(Records from a data source)
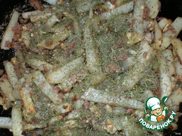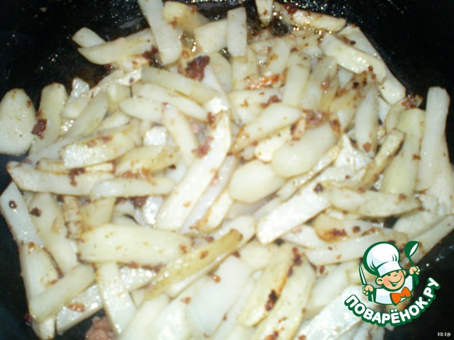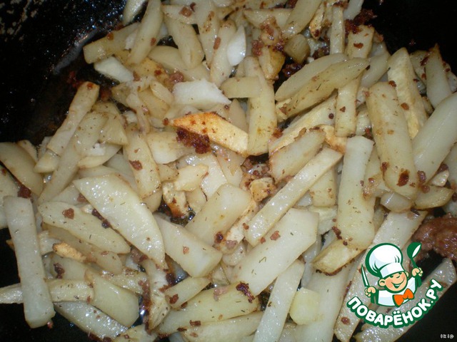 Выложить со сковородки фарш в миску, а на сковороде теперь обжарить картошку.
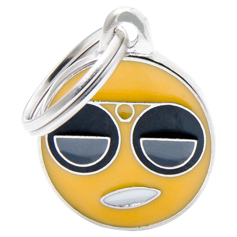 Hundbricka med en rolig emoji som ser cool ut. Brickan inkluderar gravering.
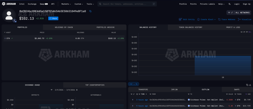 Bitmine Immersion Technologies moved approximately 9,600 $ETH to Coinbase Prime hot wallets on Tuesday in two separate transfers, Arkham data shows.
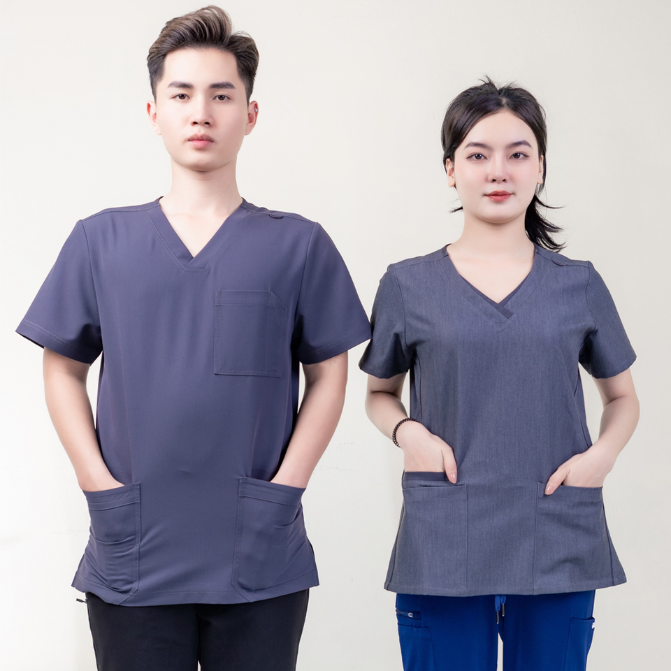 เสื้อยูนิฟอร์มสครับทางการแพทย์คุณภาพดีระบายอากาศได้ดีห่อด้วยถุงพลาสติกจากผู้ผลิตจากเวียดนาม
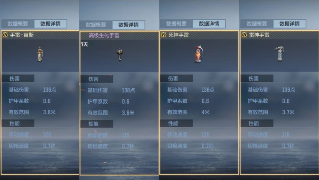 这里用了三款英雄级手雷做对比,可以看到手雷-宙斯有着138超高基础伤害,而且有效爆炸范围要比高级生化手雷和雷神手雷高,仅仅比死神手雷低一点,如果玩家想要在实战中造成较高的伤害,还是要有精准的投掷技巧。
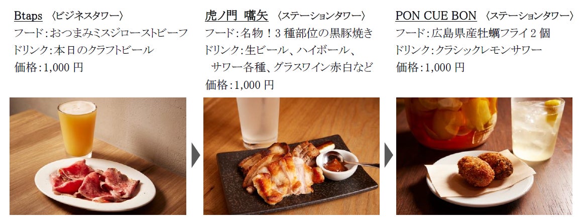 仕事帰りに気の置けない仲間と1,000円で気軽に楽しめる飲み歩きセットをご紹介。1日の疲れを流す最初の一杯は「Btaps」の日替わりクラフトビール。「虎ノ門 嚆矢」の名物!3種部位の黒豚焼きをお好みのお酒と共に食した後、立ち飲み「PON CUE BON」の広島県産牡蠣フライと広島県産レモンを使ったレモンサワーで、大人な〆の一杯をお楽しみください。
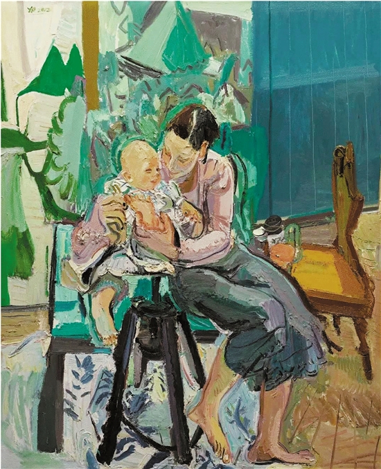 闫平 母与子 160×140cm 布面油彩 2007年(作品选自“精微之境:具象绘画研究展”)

## WORK TASK
Leaving every picture out, output the data exactly as it stands.

## RESULT BELOW
 Выложить со сковородки фарш в миску, а на сковороде теперь обжарить картошку.
 Hundbricka med en rolig emoji som ser cool ut. Brickan inkluderar gravering.
 Bitmine Immersion Technologies moved approximately 9,600 $ETH to Coinbase Prime hot wallets on Tuesday in two separate transfers, Arkham data shows.
 เสื้อยูนิฟอร์มสครับทางการแพทย์คุณภาพดีระบายอากาศได้ดีห่อด้วยถุงพลาสติกจากผู้ผลิตจากเวียดนาม
 这里用了三款英雄级手雷做对比,可以看到手雷-宙斯有着138超高基础伤害,而且有效爆炸范围要比高级生化手雷和雷神手雷高,仅仅比死神手雷低一点,如果玩家想要在实战中造成较高的伤害,还是要有精准的投掷技巧。
 仕事帰りに気の置けない仲間と1,000円で気軽に楽しめる飲み歩きセットをご紹介。1日の疲れを流す最初の一杯は「Btaps」の日替わりクラフトビール。「虎ノ門 嚆矢」の名物!3種部位の黒豚焼きをお好みのお酒と共に食した後、立ち飲み「PON CUE BON」の広島県産牡蠣フライと広島県産レモンを使ったレモンサワーで、大人な〆の一杯をお楽しみください。
 闫平 母与子 160×140cm 布面油彩 2007年(作品选自“精微之境:具象绘画研究展”)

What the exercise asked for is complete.